The Castle is a stunning welcome to Mull on the ferry crossing over (get yourself up top if you can for photos) and a guided tour is an absolute must if visiting in tourism season.
It’s a rare thing these days when I get to visit a Scottish castle for the first time but Moy has long managed to stay beneath my radar. While much fuss is correctly made about Duart, this shy little chap has always managed to keep itself hidden in the remote south of Mull. At the end of a road in need of much love and passing Lochs Spelve and Uisg, Lochbuie is the end of this particular line. A short coastal walk to the ruin shows off a typically dramatic spread as sea and land meet, separated by an opportunely-placed tower house. Conjuring up comparisons with Castle Campbell, Castle Stalker and Keiss Castle to name a few, it’s one for the fairy-tales. Another Maclean fortress – this time dating from the 15th Century – it now sits cold and abandoned, yet in a remarkably decent-looking state of repair.
As an added bonus – and as if this scene wasn’t quite Scottish enough – the nearby Lochbuie Standing Stones complete the set. A misty Scottish moor, sulking surrounding peaks, the odd dubious sheep….a dusk visit here would have Outlander fans in a frenzy! Made up of a circular ring of stones (around 12 metres in diameter) with a couple of strays in the nearby vicinity, I’m met with the usual headscratcher moment. “Why?” Followed quickly by the realisation that I actually don’t want to know why. Ancient civilisations had their ways and whether out of some mark of respect, worship or alternative practical use, I’m just glad they are still here.
Winter Travel Practicalities on Mull
Jumping over to the Scottish islands in winter is not generally something I’d advise for most travellers, especially first-time visitors to Scotland. There are limited travel options, most tourist attractions are closed and you’re always going to have to face the risk of dismal weather throughout. However….you’ll not have to take on any crowds, total solitude is easy to find and the landscapes are at their most raw and dourly inhospitable. The peaks are like giants in a deep slumber, the waves like starving serpents and the historical relics like contemplative wizards. It’s hard to argue that this is actually when Scotland is at its most impactful.

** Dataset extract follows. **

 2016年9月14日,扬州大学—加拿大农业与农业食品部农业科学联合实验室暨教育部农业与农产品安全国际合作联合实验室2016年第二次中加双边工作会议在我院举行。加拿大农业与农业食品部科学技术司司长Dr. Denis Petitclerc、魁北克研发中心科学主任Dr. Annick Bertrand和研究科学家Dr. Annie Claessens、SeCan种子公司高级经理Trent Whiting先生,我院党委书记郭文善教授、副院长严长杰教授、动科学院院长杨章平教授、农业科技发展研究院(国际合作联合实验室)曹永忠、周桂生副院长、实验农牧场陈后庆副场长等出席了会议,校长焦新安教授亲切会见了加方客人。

If you can leave your timing decisions to the last minute you can increase your chances of decent spells of weather and self-catering is always an option to avoid hunting for the few dining options that aren’t shut. That said, some islands are unquestionably easier than others and the likes of Arran, Skye, Orkney, Bute and, of course, the Isle of Mull remain those with the least likelihood of winter travel issues and risk of being stranded. Under an hour on the regularly-running ferry from Oban makes Mull an invitingly appealing option.

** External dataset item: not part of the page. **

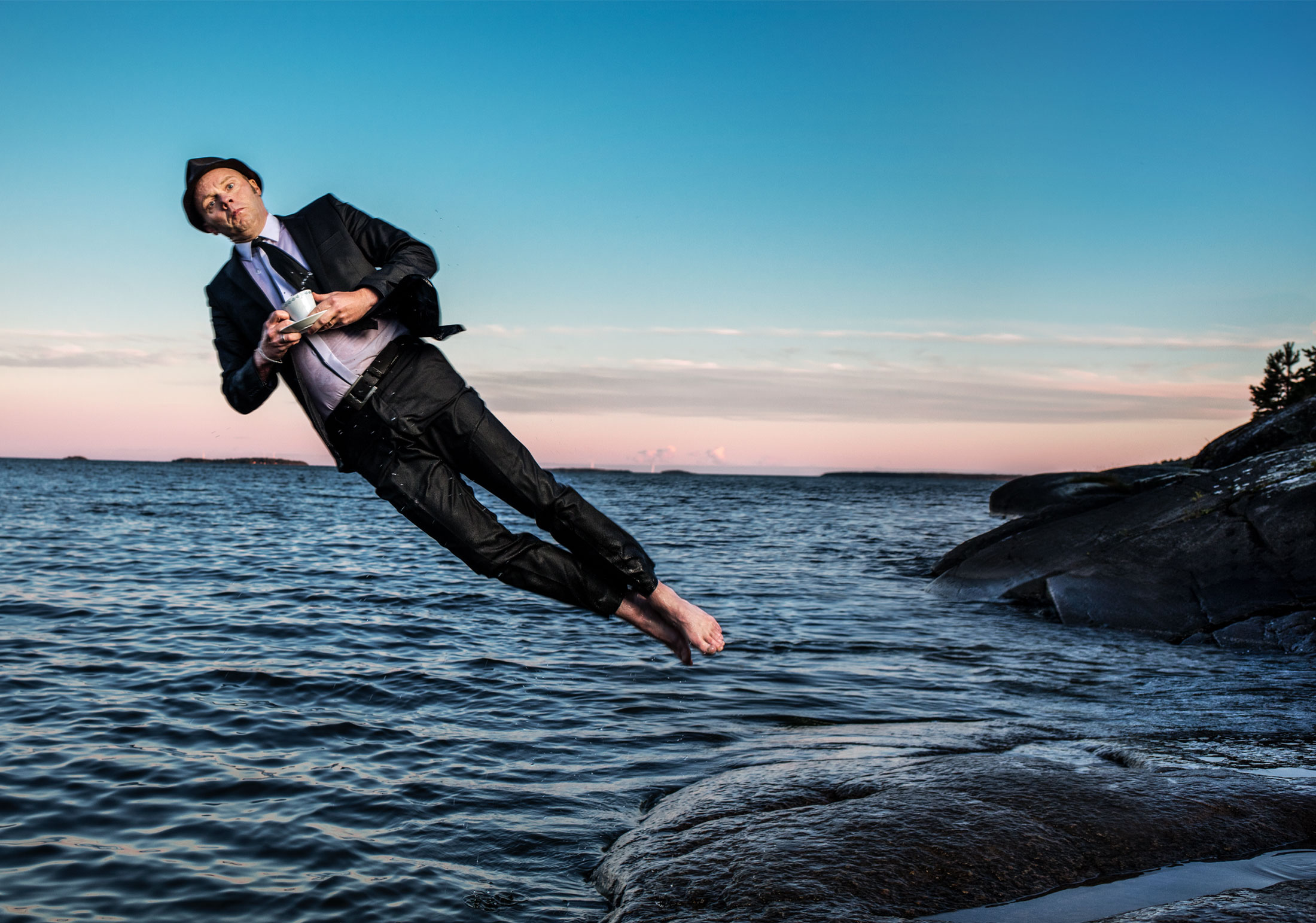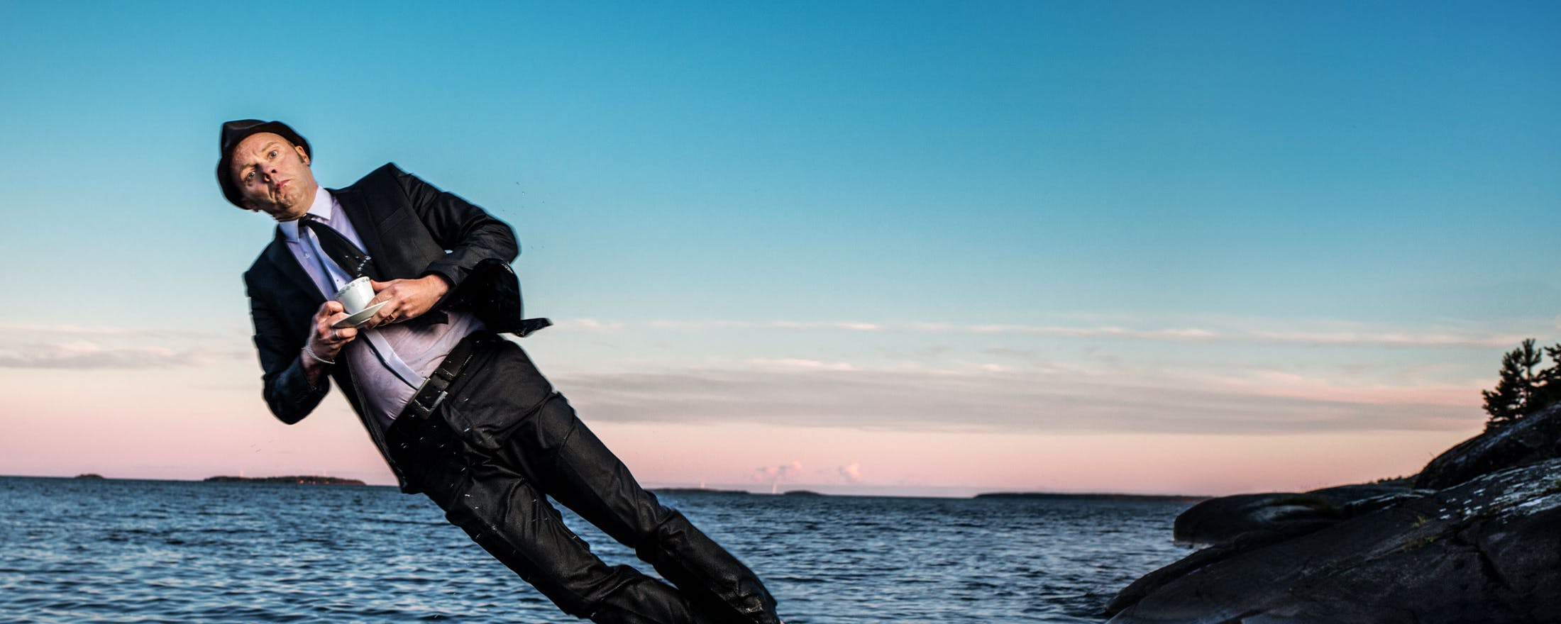 Men så sker det, där vi sitter helt lugnt, till synes avslappnade, några kilometer från solmetropolen Karlstads citykärna: Sveriges möjligen roligaste man bara måste göra det. Upp och röra på sig alltså.

As for things to do on Mull in winter, the likes of Duart Castle and Café Fish may be closed but the castle can still be circumnavigated from outside and the true leading appeal of the islands is in the natural landscapes anyway. Arriving at empty car parks, walking for hours without seeing another soul and booking accommodation with just a few hours’ notice was an astonishing luxury and threw my generally super-prepared approach to travel out of the window. Something I need to do more of this year I think.
Start the year as you mean to go on. This one’s off to a flyer.